Sure, that's why I think just mentioning that we don't ever plan to boot
this CPU is a good idea (so people don't add code here later on).

> > > diff --git a/arch/arm/include/asm/bL_entry.h b/arch/arm/include/asm/bL_entry.h
> > > new file mode 100644
> > > index 0000000000..ff623333a1
> > > --- /dev/null
> > > +++ b/arch/arm/include/asm/bL_entry.h
> > > @@ -0,0 +1,35 @@
> > > +/*
> > > + * arch/arm/include/asm/bL_entry.h
> > > + *
> > > + * Created by:  Nicolas Pitre, April 2012
> > > + * Copyright:   (C) 2012  Linaro Limited
> > > + *
> > > + * This program is free software; you can redistribute it and/or modify
> > > + * it under the terms of the GNU General Public License version 2 as
> > > + * published by the Free Software Foundation.
> > > + */
> > > +
> > > +#ifndef BL_ENTRY_H
> > > +#define BL_ENTRY_H
> > > +
> > > +#define BL_CPUS_PER_CLUSTER	4
> > > +#define BL_NR_CLUSTERS		2
> > 
> > Hmm, I see these have to be constant so you can allocate your space in
> > the assembly file.
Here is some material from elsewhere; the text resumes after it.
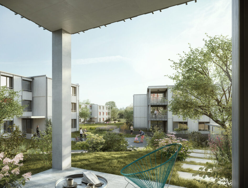 A total of 27 condominiums are being built in the three houses Boskoop, Golden, and Topaz. The Maigold residential development on the northern edge of the village of Mönchaltorf is a place where old and new come together. An ensemble that begins with an old farmhouse and a replacement building for the former barn and then flows smoothly into four additional new buildings.

In which case, I think it's worth changing their
> > names to have MAX or LIMIT in them...
> 
> Yes, good point.  I'll change them.

Thanks.

> >  maybe they could even be CONFIG options?
> 
> Nah.  I prefer not adding new config options unless this is really 
> necessary or useful.  For the forseeable future, we'll see systems with 
> at most 2 clusters and at most 4 CPUs per cluster.  That could easily be 
> revisited later if that becomes unsuitable for some new systems.

The current GIC is limited to 8 CPUs, so 4x2 is also a realistic possibility.

> Initially I wanted all those things to be runtime sized in relation with 
> the TODO item in the commit log.  That too can come later.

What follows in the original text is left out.